What is being asked: After locating the line that bears "Yes, jullie gaan", restate word for word that line and the rest of the listing to its final line, excluding all pictures.

Data:

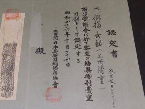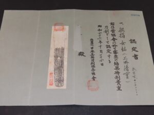 Hand forged samurai blades are registered in the Agency for Cultural Affairs as artwork and The Board of Education (Cultural properties protection Committee); therefore each sword has the registration card, issued by the Board of Education.
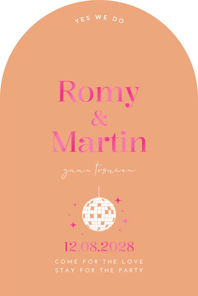 Yes, jullie gaan trouwen en de liefde vieren! Daar past geen standaard trouwkaart bij en deze boogvorm kaart met discobal wel! Deze kleurrijke trouwkaart heeft een oranje kleur en is afgewerkt met roze hoogglans folie. Pas de kleuren van de kaart nog naar wens aan in de themakleuren van jullie bruiloft.
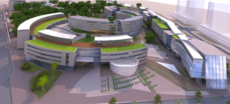 Согласно полученному разрешению, в особом районе будут построены 5 новых зданий. Первое здание будет иметь 3 этажа + технический этаж, в котором разместится библиотека и инновационный центр. Второе здание будет пятиэтажным, с техническим этажом, где разместятся учебные классы, кабинеты преподавателей и столовая. Остальные два здания, запланированные на первом этапе, будут одноэтажными, предназначенные для охранников и энергетического центра.

Answer to this problem:
 Yes, jullie gaan trouwen en de liefde vieren! Daar past geen standaard trouwkaart bij en deze boogvorm kaart met discobal wel! Deze kleurrijke trouwkaart heeft een oranje kleur en is afgewerkt met roze hoogglans folie. Pas de kleuren van de kaart nog naar wens aan in de themakleuren van jullie bruiloft.
 Согласно полученному разрешению, в особом районе будут построены 5 новых зданий. Первое здание будет иметь 3 этажа + технический этаж, в котором разместится библиотека и инновационный центр. Второе здание будет пятиэтажным, с техническим этажом, где разместятся учебные классы, кабинеты преподавателей и столовая. Остальные два здания, запланированные на первом этапе, будут одноэтажными, предназначенные для охранников и энергетического центра.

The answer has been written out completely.